On the Mississippi River

On board her ship, the Belle of the Golden West

Dear Jacky,

I have collected my thoughts, my raging temper, and myself, after the events of the past few weeks, enough to continue these letters to you, letters that I compose in my head, having no paper or pen with which to write them down.

After my settling with those two bandits on the Frankstown road in Pennsylvania, I made my way to the Ohio River, and there I managed to purchase, with the money I emptied from the pockets of the recently deceased McCoy and Beatty, a canoe called a bull boat. It has a light wooden frame over which has been stretched a buffalo hide, taut as a drum. It is quite fast and very maneuverable and I like it quite a lot.

I have become a very good marksman with my rifle, so I do not go hungry. I hunt, I fish, and I buy what flour and lard and such that I need from the small towns I pass. I camp on the shore and when the weather is wet, I sleep underneath my overturned canoe. What I catch or shoot I cook in the pots and pans that Clementine had left me, and I must confess I feel a pang of regret every time I use them, thinking of the sweet, simple girl who is forever lost in the northern forests of this wild land.

Yes, I have heard many tales of you and your boat as you make your way down these rivers and I paddle my way down after you. I have heard of the shows you have performed and guessed at some of the deeds you have done—the blackened hole that was once the outlaw stronghold Cave-in-Rock has your mark upon it, for sure.

I figure I am maybe a week behind you now, since your boat must be largely drifting on the current of the river, while I can paddle and gain a few knots per mile. While I have had to avoid several bands of hostiles—one in particular led by a rascal who paints his face half red—I feel that I am gaining on you.

My hopes are of seeing you soon, Jacky, hopes that I know in the past have been cruelly dashed at the very moment of fulfillment, but still, still, I hope for the best....

Chapter 48

We have been going along this trail for several hours now, at a half-walk, half-lope pace. They are certainly not making any allowances for me, that's for sure. I've got on my serving-girl gear, the skirt knotted at the side for ease of movement, and I'm able to keep up, but just barely, so I'm both startled and grateful when an Indian warrior appears on the trail in front of us. It seems that he is a sentry, guarding this particular path into his village, and it also appears that Chee-a-quat and Lightfoot and he know one another very well, as there is much talk and laughter among the three of them.

I hardly get a glance, let alone an introduction, but I do get to put down the sack of trade goods I've brought along and to catch my breath. Crow Jane had lent me an Indian shawl to put over my head so I wouldn't be quite so noticeable with my light hair when we got to the encampment, and I put it on now, as we are surely getting close.

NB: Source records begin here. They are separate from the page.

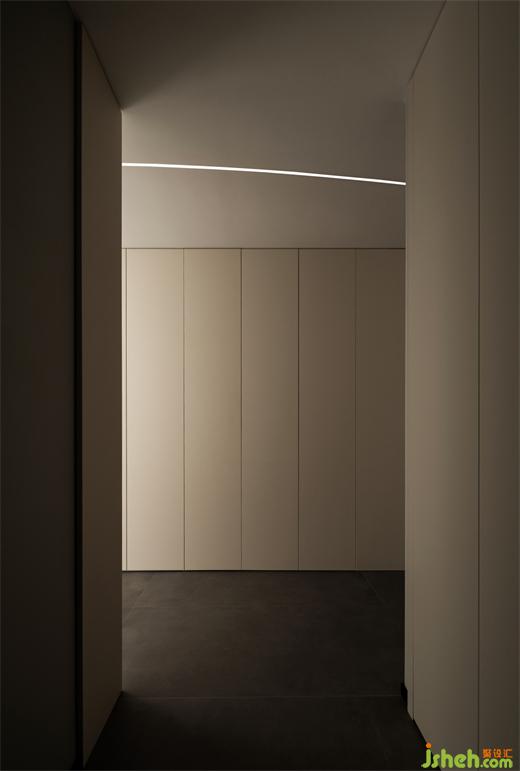 入戶開始,就用極簡柜體構(gòu)建出了深邃悠遠(yuǎn)。可以閑步游走,在走廊的每個盡頭發(fā)現(xiàn)驚喜。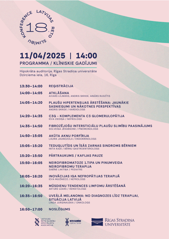 Papildu informācija par konferenci atrodama Latvijas Reto slimību speciālistu asociācijas tīmekļa vietnē.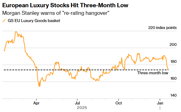 数据显示,上季度奢侈品板块估值升至近四年来的最高水平,高盛追踪该行业的股票组合的市盈率超过30倍。该板块自去年4月份跌至低点以来,截至2025年底已上涨21%。

Presently we all four start up again, and within several hundred yards, we can see the village, or town really—there are about fifty tepees grouped together on the banks of a small river. There seems to be great excitement among the people of the town.

"What's going on?" I ask quietly of Lightfoot, who has fallen back next to me as we enter the village.

"Chiefs of the Five Nations gatherin' to talk. The Creek and Cherokee here now. The rest soon. Tecumseh comes tomorrow."

Hmmm ... Big doings. Best keep alert. If these Indians do decide to get together and go on the warpath, it could bode ill for the Belle.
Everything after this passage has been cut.